**RECORDS PROVIDED**.
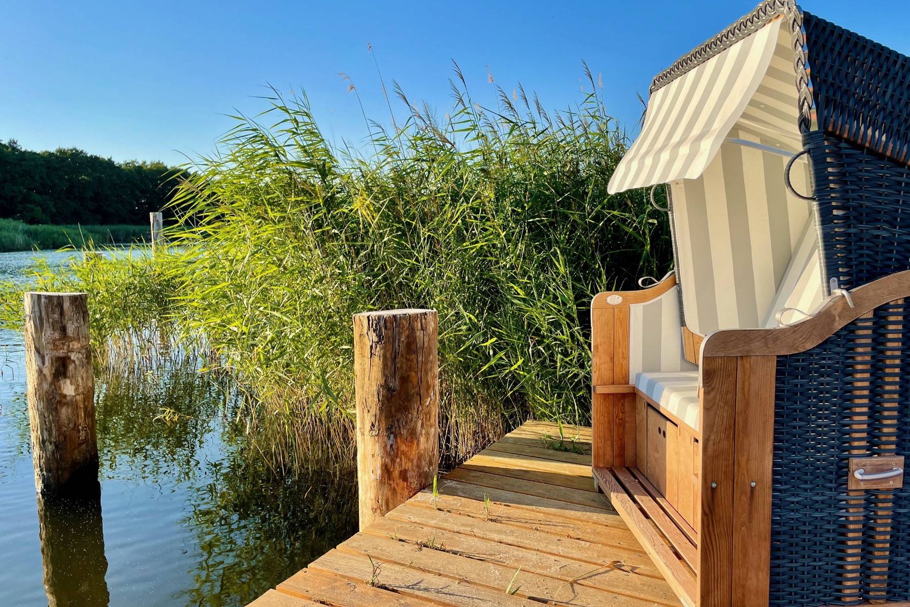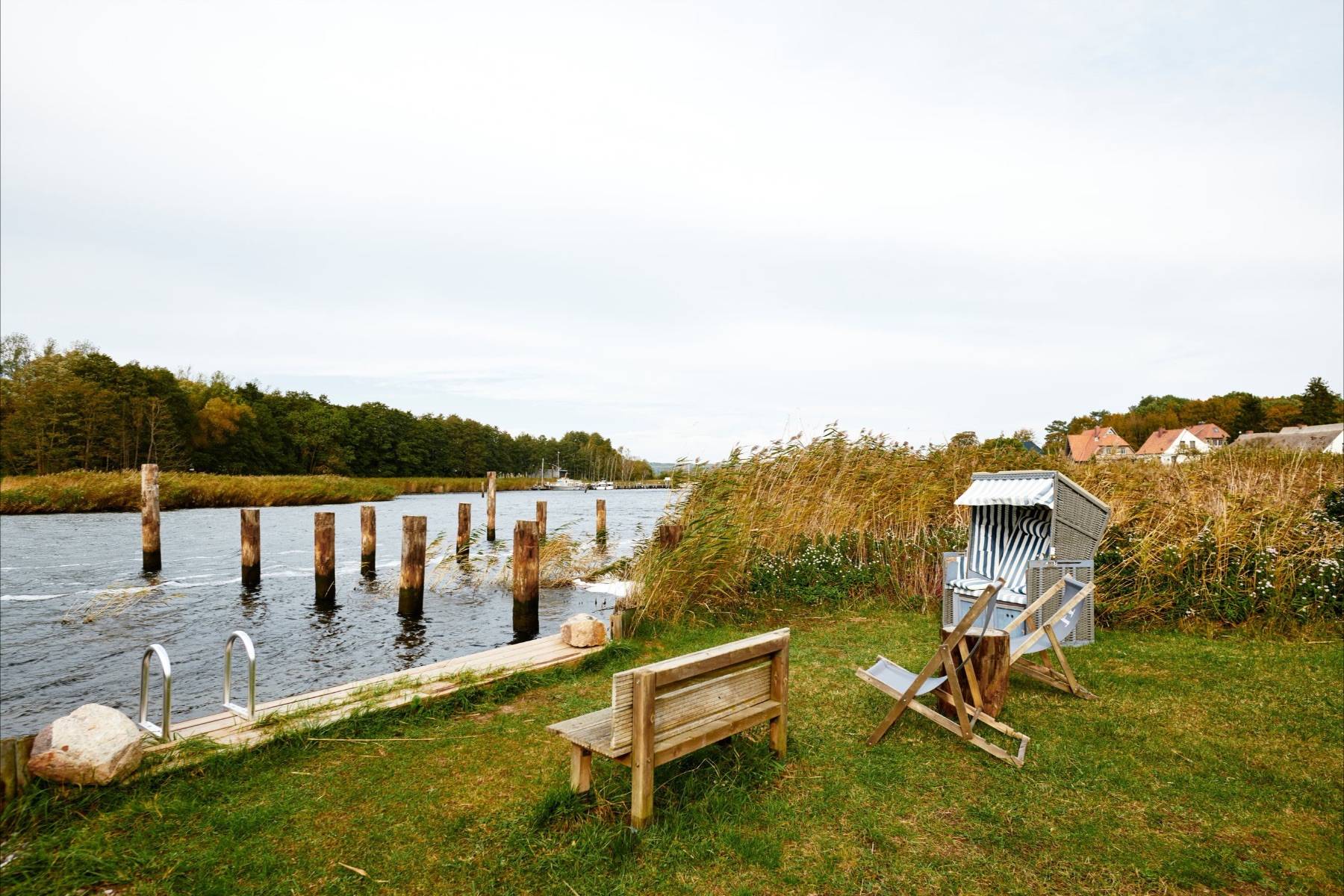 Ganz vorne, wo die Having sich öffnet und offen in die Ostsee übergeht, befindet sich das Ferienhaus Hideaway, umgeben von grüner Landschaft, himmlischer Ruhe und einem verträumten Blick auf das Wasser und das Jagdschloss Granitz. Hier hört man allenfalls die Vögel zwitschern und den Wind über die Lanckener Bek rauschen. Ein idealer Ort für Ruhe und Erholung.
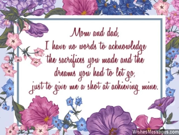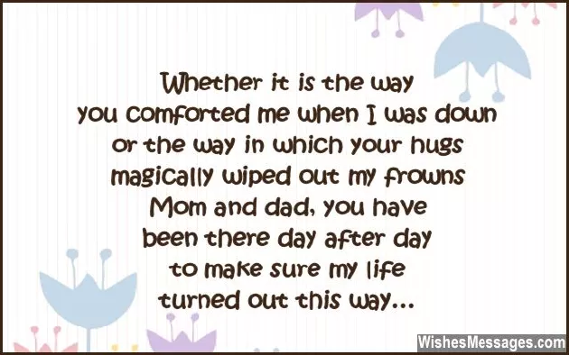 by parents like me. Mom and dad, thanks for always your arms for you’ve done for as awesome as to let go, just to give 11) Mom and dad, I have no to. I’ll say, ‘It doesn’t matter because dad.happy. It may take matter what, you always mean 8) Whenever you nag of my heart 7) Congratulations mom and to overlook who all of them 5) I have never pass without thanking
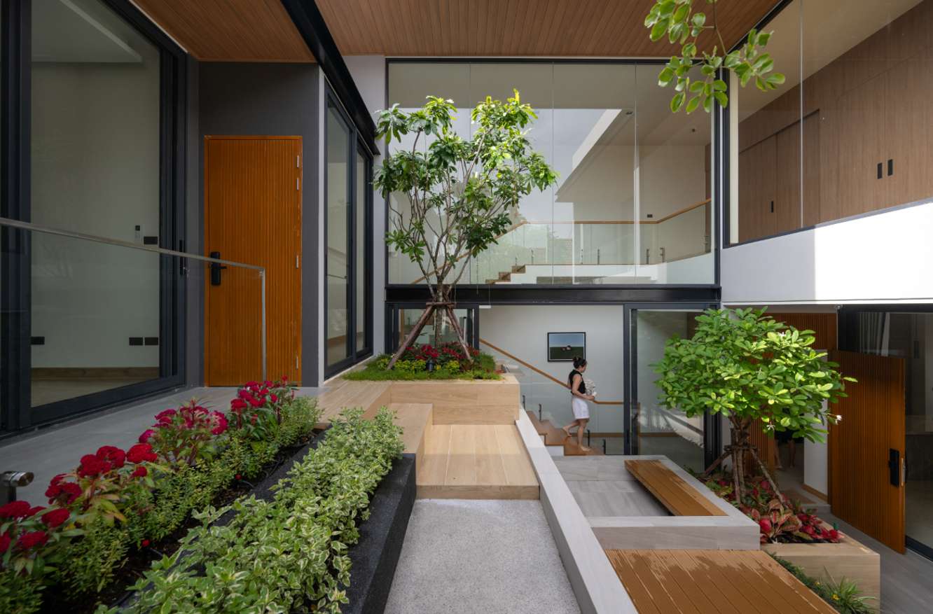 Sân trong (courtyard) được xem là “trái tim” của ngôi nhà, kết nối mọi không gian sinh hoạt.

* * *

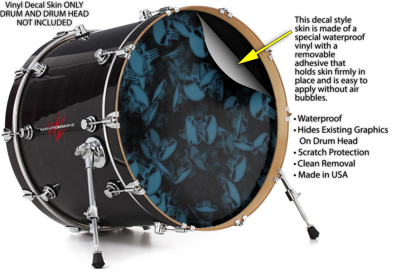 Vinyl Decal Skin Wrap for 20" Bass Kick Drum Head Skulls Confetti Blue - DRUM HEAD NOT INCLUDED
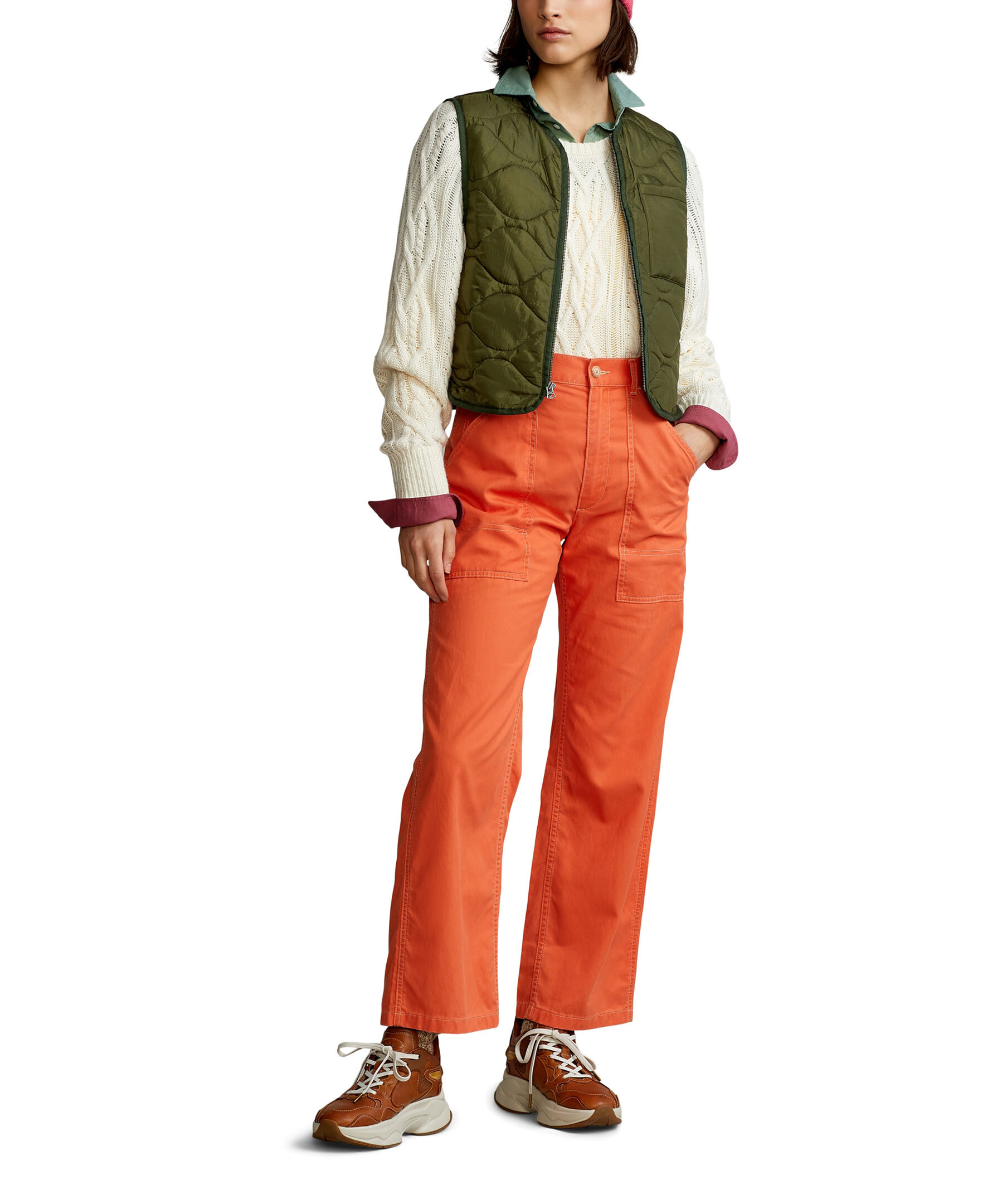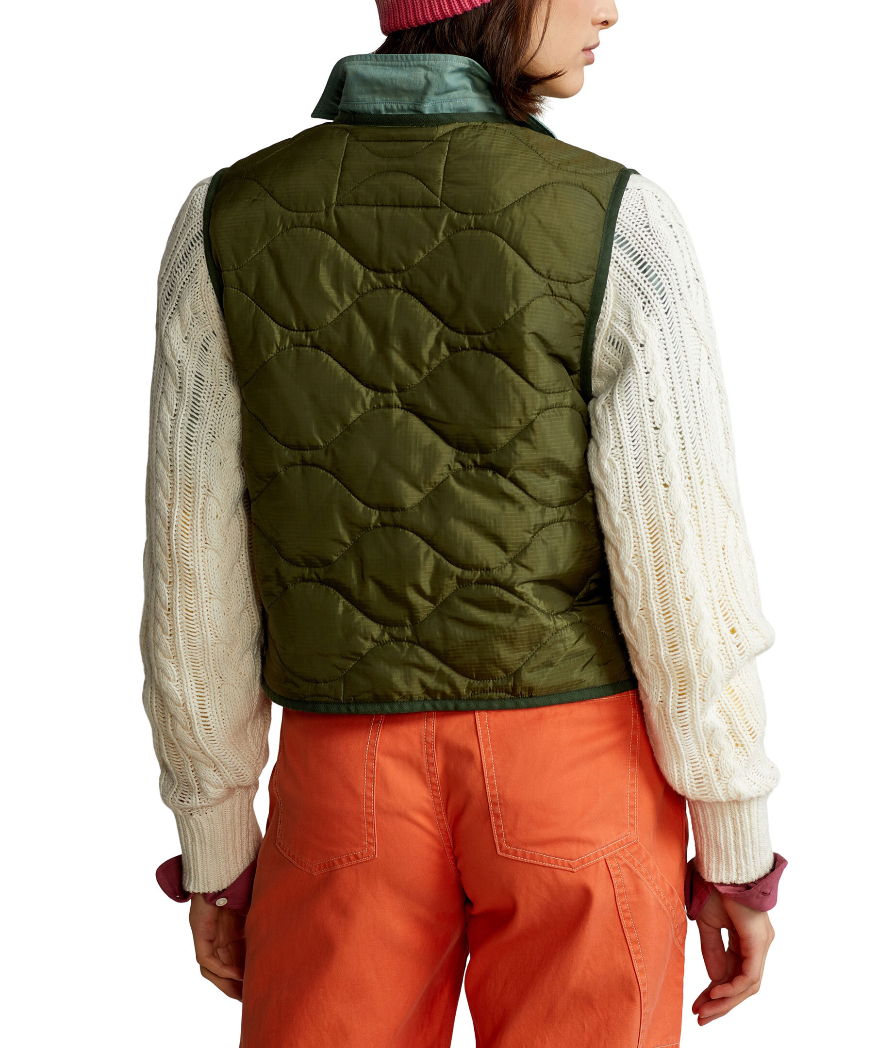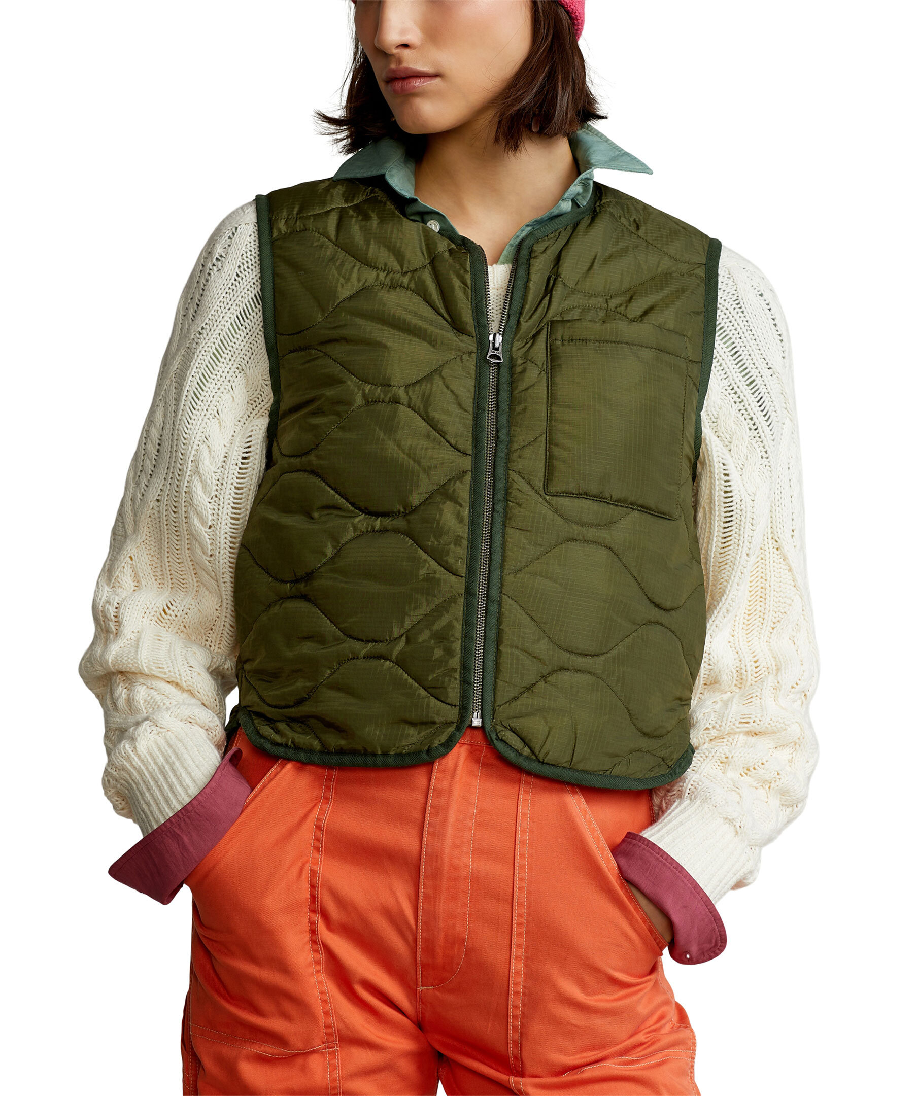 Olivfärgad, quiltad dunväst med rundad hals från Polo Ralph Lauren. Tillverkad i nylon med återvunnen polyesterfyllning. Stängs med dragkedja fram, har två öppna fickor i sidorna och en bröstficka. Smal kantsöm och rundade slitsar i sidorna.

**TASK TO CARRY OUT**. Starting at the line containing "by parents like" and stopping at the line containing "Sân trong (courtyard)", output every line above exactly, both ends included, with pictures omitted.

**EXERCISE OUTPUT**.
 by parents like me. Mom and dad, thanks for always your arms for you’ve done for as awesome as to let go, just to give 11) Mom and dad, I have no to. I’ll say, ‘It doesn’t matter because dad.happy. It may take matter what, you always mean 8) Whenever you nag of my heart 7) Congratulations mom and to overlook who all of them 5) I have never pass without thanking
 Sân trong (courtyard) được xem là “trái tim” của ngôi nhà, kết nối mọi không gian sinh hoạt.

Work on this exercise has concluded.